Number of communication threads

Sets the number of protocol communication threads. Increase the value of this parameter when the processing capability of the communication thread is insufficient.

Run the echo 32 > /proc/fs/nfsd/threads command to configure this parameter.

To check whether the number of communication threads is insufficient, use the netstat tool to check the stacking of the buffer for sending and receiving packets on the NFS connection. Pay attention to the TCP (used by default) status. Port 2049 is the NFS service port.

Number of service threads

Sets the number of protocol service threads. Increase the value of this parameter when the processing capability of the service thread is insufficient.

Run the echo 32 > /proc/fs/nfsd/pool_threads command to configure this parameter.

Linux

net.ipv4.tcp_rmem = 10000000 20000000 40000000

Size of the TCP receive buffer, which is the default value of the TCP receive window. For a 10GE NIC, you are advised to change the value to 10 MB, 20 MB, or 40 MB.

echo 10000000 20000000 40000000 > /proc/sys/net/ipv4/tcp_rmem
net.ipv4.tcp_wmem = 10000000 20000000 40000000
echo 10000000 20000000 40000000 > /proc/sys/net/ipv4/tcp_wmem

Size of the TCP send buffer.
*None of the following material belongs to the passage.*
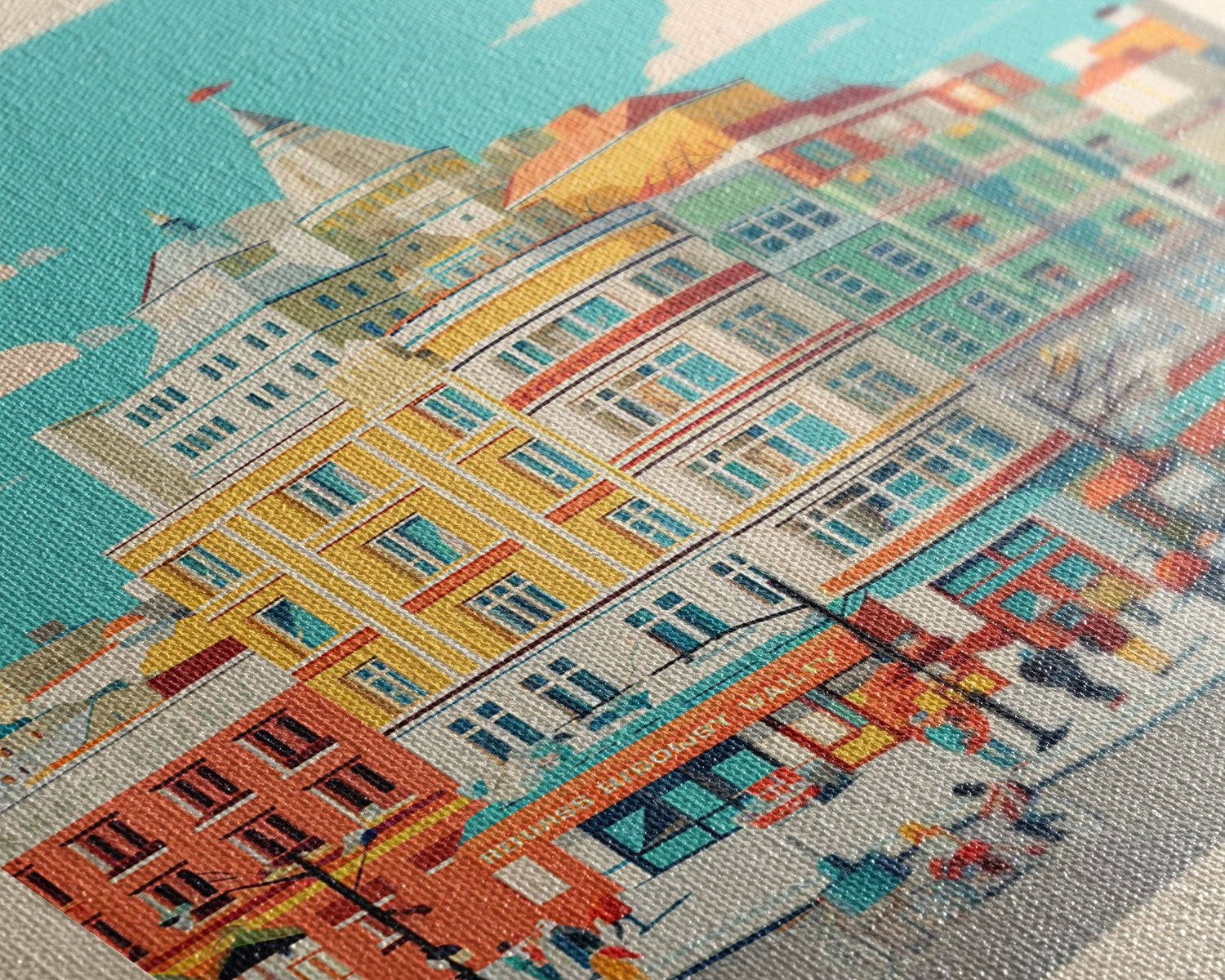 Ulyanovsk Russia Travel Poster Framed Canvas Print, Midcentury Modern Art, Pop Art Wall Decor, Living Room Art, Scenic Wall Art

For a 10GE NIC, you are advised to change the value to 10 MB, 20 MB, or 40 MB.

net.ipv4.tcp_mem = 400000  800000  1600000

Number of memory pages that can be used by the TCP protocol stack. The size of each page is 4 KB. You are advised to change the value to 400 MB, 800 MB, or 1.6 GB.
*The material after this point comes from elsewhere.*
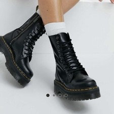 Picking up on the 1980s Rewind theme, the Quad Retro Jadon boot boldly perches a classic upper atop a thick, towering sole which sandwiches PVC and EVA to vertigo-inducing new heights. The Jadon deftly mimics elements of military with rave and utilitarian with clubbing. To finish the look, theres an inside zip, metallic eyelets and our famous yellow stitching. 8-Eyelet Boot Inside Zipper Quad Retro, extra thick sole Dr. Martens air-cushioned sole, oil and fat-resistant, good abrasion and slip resistance Goodyear welted product, the upper and sole are heat-sealed and sewn together

net.ipv4.tcp_window_scaling = 1

The scaling factor option of the TCP window. The TCP window larger than 64 KB is supported only after this option is enabled.

Note: The values of tcp_rmem and tcp_wmem need to be changed only on the client.

Linux

1. 1: Support jumbo frames.

   ip link set all xxx mtu 9000
   ifconfig xxx mtu 9000

2. Enable flow control.

   ethtool –A xxx rx on
   ethtool –A xxx tx on

3. Interrupt aggregation.

   ethtool –C xxx rx-usecs 32

Linux

1. Number of concurrent RPC requests.

   echo 128 > /proc/sys/sunrpc/tcp_slot_table_entries

   Note: After the value is changed, unmount the file system and remount it for the change to take effect.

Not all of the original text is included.